After graduation, Billiot plans on pursuing a Ph.D. in Microbiology.
John Paul Marceaux, of Lake Charles, La., is a junior studying physics in the LSU College of Science. In his research essay, Marceaux presents a code that he constructed alongside Dr. A. Ravi Rau in the Department of Physics and Astronomy that exploits the Lie-Clifford algebra of quantum operators to perform a mapping to projective geometry, thereby resolving the Kirkman design system, an important problem in both computer science and quantum information.
“With this type of basic research, there is a sense that one is approaching some ideas that are both beautiful and fundamental,” Marceaux said. “I enjoy the mental challenge of research, and I take great excitement when a code comes to fruition. I often think of the topics addressed in quantum theory as artistic, and I like to compare my coding depictions of these ideas to painting or printmaking.”
After graduation, Marceaux plans to pursue a master’s degree in physics at the Delft University of Technology in the Netherlands and a Ph.D. in theoretical physics.
Jackson Mierl, of Mandeville, La., is a junior pursuing dual degrees in biology and philosophy. Mierl’s research essay focused on computational methods for genetic discovery associated with congenital heart disease. The purpose of his research is to create a computational pipeline analysis that identifies new genetic mutations in whole genome sequencing data in clinical patients. He is working in Dr. Mark Batzer’s Laboratory of Comparative Genomics.
“I think numbers are very telling in science,” Mierl said. “When analyzing the results, it’s interesting to see what statistics can be drawn to show the relationship between different genomes.”
After graduation, Mierl plans to pursue a Ph.D. in systems biology.

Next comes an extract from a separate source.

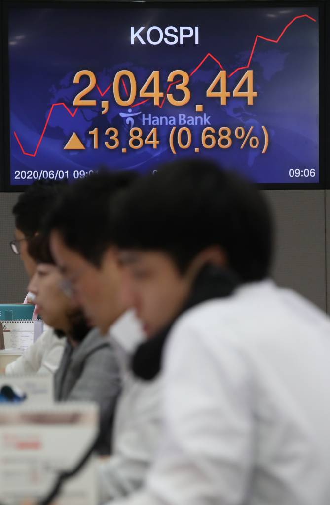 ![[서울=뉴시스] 조수정 기자 = 1일 코스피 지수가 전 거래일보다 7.44p(0.37%) 오른 2037.04로, 코스닥은 3.28p(0.46%) 오른 716.96으로 개장했다. 서울외환시장에서 원달러 환율은 8.2원 내린 1230.3원으로 출발했다. 1일 오전 서울 중구 하나은행 딜링룸에서 직원들이 업무를 보고 있다. 2020.06.01. chocrystal@newsis.com](https://thumb.mt.co.kr/cdn-cgi/image/f=avif/21/2020/06/2020060115405377542_3.jpg)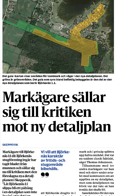 Denna rättighet kallas i dag för offentlighetsprincipen och är fortfarande unik i världen. Att denna princip fungerar även i utkantsverige fick vi bevis på i dagens tidning. Om du följer denna blogg vet du att vi är inblandad i en lågfrekvent skärmytsling mot en ny detaljplan som rubbar alla våra cirklar.

Since the Ogden Honors College Office of Fellowship Advising was created in 2005, LSU has had 18 Goldwater Scholars and 15 Goldwater Honorable Mentions. The Office advises current students and recent graduates from all colleges at LSU as they apply for prestigious national and international fellowships. Students interested in applying for a Goldwater Scholarship may contact Drew Lamonica Arms, director of the Office of Fellowship Advising, at email@example.com.
Congress established the Barry Goldwater Scholarship in 1986 to honor Senator Barry Goldwater, who served his country for 56 years as a soldier and statesman, including 30 years in the U.S. Senate. The scholarship was designed to alleviate a critical, current and future shortage of highly qualified scientists, mathematicians and engineers.
The Ogden Honors College, established in 1992, is a vibrant, diverse and prestigious community located at the heart of LSU. The Ogden Honors College provides students with a curriculum of rigorous seminar classes, as well as opportunities for undergraduate research, culminating in the Honors Thesis. Its focus on community service, study abroad, internships and independent research helps today’s high-achieving students become tomorrow’s leaders.